>>>>

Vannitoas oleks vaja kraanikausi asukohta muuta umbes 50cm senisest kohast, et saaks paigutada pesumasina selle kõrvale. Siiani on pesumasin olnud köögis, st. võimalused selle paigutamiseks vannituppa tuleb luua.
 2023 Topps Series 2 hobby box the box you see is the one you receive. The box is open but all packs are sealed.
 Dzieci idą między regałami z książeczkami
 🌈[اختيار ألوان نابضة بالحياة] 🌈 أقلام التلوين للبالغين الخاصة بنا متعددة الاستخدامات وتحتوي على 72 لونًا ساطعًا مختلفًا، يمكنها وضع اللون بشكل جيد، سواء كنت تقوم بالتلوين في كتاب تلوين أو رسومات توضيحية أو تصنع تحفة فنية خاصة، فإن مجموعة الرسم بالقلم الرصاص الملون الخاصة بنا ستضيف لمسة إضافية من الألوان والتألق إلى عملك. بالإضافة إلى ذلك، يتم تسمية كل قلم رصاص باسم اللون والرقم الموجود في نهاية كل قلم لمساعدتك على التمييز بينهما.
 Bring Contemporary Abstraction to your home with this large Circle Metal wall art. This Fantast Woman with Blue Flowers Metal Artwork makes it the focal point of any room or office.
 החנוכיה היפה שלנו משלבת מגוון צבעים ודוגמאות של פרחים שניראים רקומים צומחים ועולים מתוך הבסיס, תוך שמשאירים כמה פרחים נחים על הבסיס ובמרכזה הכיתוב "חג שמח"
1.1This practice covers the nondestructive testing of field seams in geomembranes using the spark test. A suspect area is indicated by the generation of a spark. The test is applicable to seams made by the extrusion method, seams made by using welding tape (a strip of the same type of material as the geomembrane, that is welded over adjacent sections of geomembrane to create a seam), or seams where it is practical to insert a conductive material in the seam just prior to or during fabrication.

<<<<
>>>>

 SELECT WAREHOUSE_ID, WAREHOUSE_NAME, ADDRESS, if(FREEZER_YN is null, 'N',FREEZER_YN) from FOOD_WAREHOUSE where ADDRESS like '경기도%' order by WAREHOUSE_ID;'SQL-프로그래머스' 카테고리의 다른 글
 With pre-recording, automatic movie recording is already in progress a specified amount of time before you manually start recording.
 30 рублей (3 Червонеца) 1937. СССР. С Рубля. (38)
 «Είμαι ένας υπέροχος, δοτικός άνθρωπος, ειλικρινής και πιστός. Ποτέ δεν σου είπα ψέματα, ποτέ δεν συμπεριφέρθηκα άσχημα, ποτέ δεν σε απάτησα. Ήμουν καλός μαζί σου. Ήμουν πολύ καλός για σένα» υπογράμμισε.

<<<<

*What is being asked*:
Please copy the lines in the records above between the one holding "Vannitoas oleks vaja" and the one holding "Dzieci idą między regałami z książeczkami", inclusive, exactly and with no other line.

*Solution to this task*:
Vannitoas oleks vaja kraanikausi asukohta muuta umbes 50cm senisest kohast, et saaks paigutada pesumasina selle kõrvale. Siiani on pesumasin olnud köögis, st. võimalused selle paigutamiseks vannituppa tuleb luua.
 2023 Topps Series 2 hobby box the box you see is the one you receive. The box is open but all packs are sealed.
 Dzieci idą między regałami z książeczkami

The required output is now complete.